TASK REQUIREMENTS >> Find the line with "日本グミ協会は、グミを取り扱" in the entries below, then output every line from it down to the line with "Las unidades se", exactly and with no pictures.

EXERCISE MATERIAL: Begin

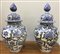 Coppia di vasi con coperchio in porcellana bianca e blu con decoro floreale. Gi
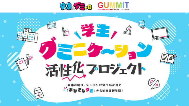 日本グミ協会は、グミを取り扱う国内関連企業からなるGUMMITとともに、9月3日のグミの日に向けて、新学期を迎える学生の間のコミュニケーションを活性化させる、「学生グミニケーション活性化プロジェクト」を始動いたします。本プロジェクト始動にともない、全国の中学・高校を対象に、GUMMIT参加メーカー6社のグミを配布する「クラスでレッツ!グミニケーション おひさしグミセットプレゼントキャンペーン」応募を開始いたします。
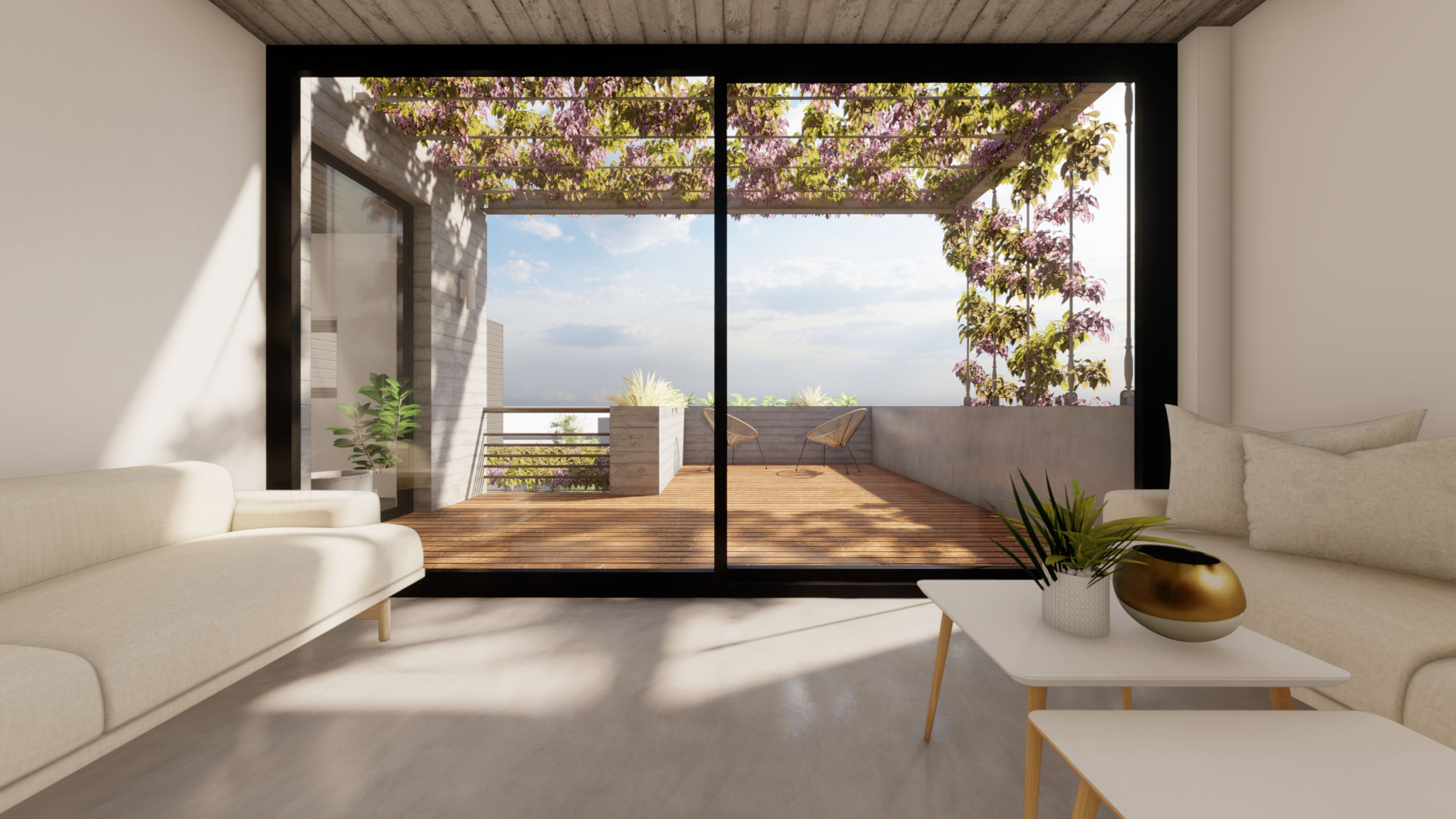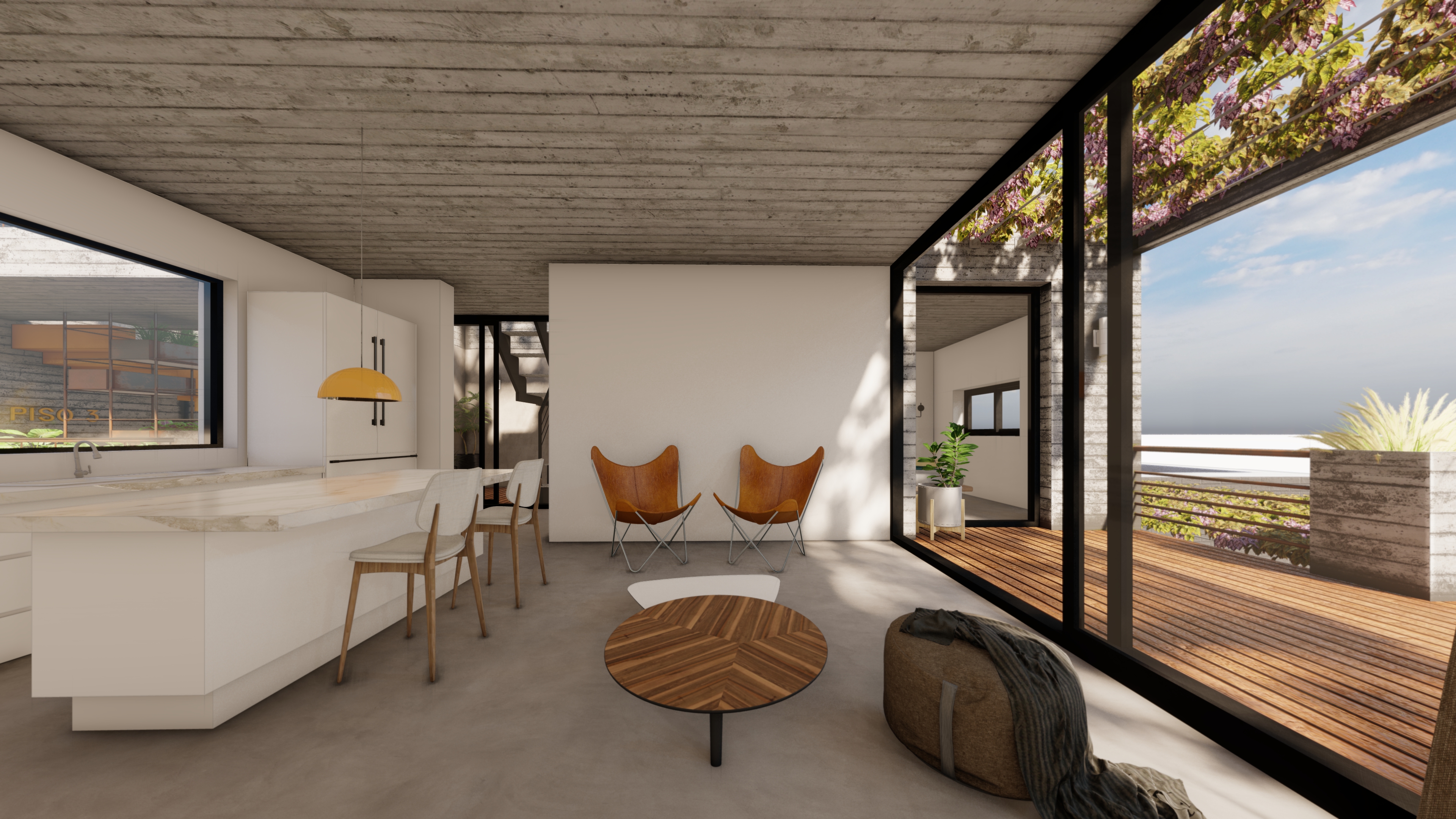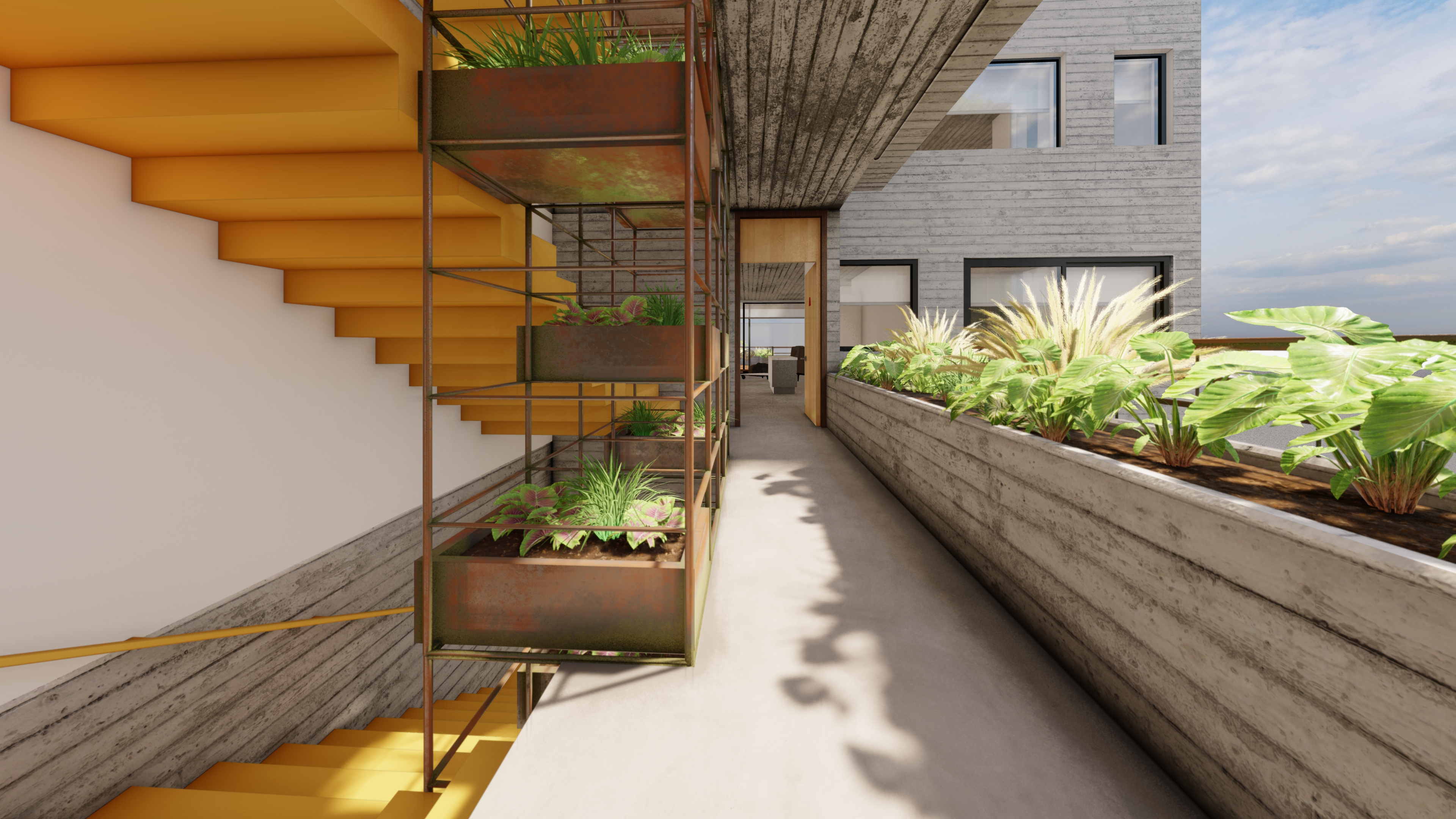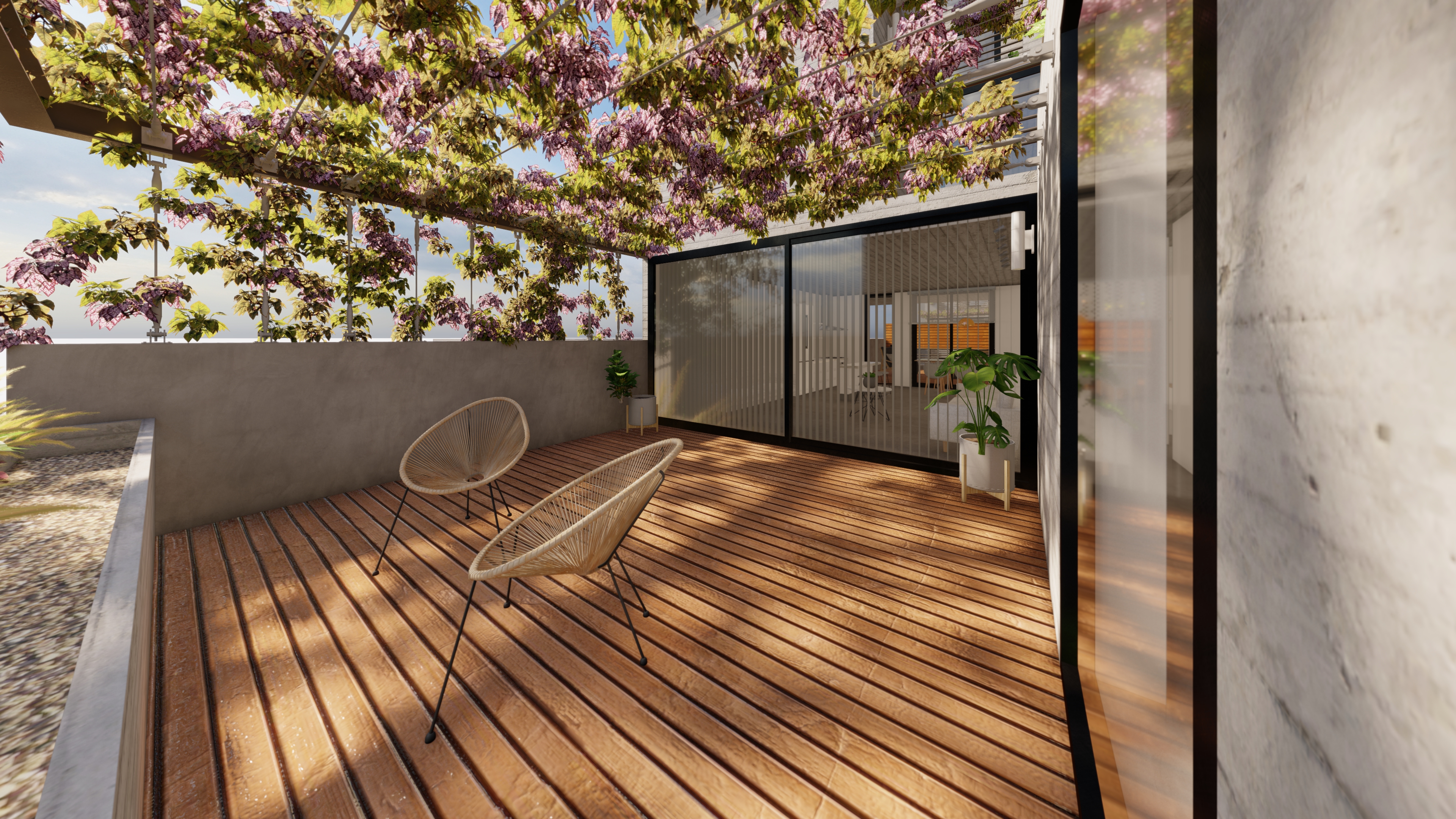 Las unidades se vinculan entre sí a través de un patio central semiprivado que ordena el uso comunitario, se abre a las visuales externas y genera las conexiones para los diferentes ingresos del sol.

EXERCISE MATERIAL: End
EXERCISE MATERIAL: Begin

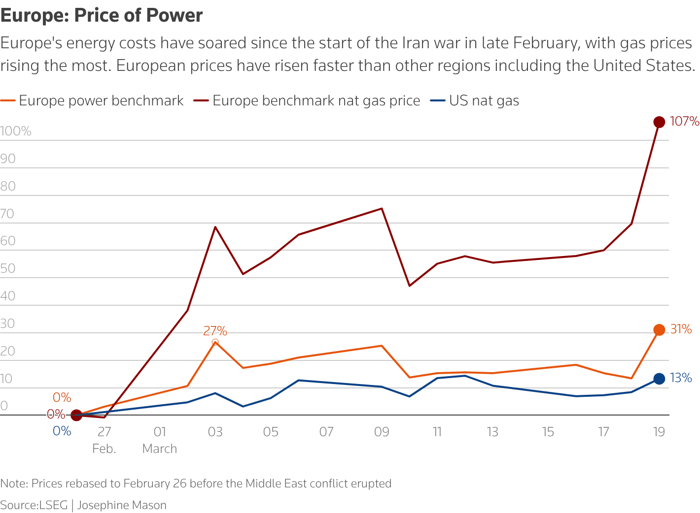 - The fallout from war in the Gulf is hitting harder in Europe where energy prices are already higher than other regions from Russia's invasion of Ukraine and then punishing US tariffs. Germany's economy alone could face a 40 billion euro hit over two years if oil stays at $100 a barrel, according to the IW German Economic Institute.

EXERCISE MATERIAL: End

RESPONSE FOR THIS EXERCISE >>
 日本グミ協会は、グミを取り扱う国内関連企業からなるGUMMITとともに、9月3日のグミの日に向けて、新学期を迎える学生の間のコミュニケーションを活性化させる、「学生グミニケーション活性化プロジェクト」を始動いたします。本プロジェクト始動にともない、全国の中学・高校を対象に、GUMMIT参加メーカー6社のグミを配布する「クラスでレッツ!グミニケーション おひさしグミセットプレゼントキャンペーン」応募を開始いたします。
 Las unidades se vinculan entre sí a través de un patio central semiprivado que ordena el uso comunitario, se abre a las visuales externas y genera las conexiones para los diferentes ingresos del sol.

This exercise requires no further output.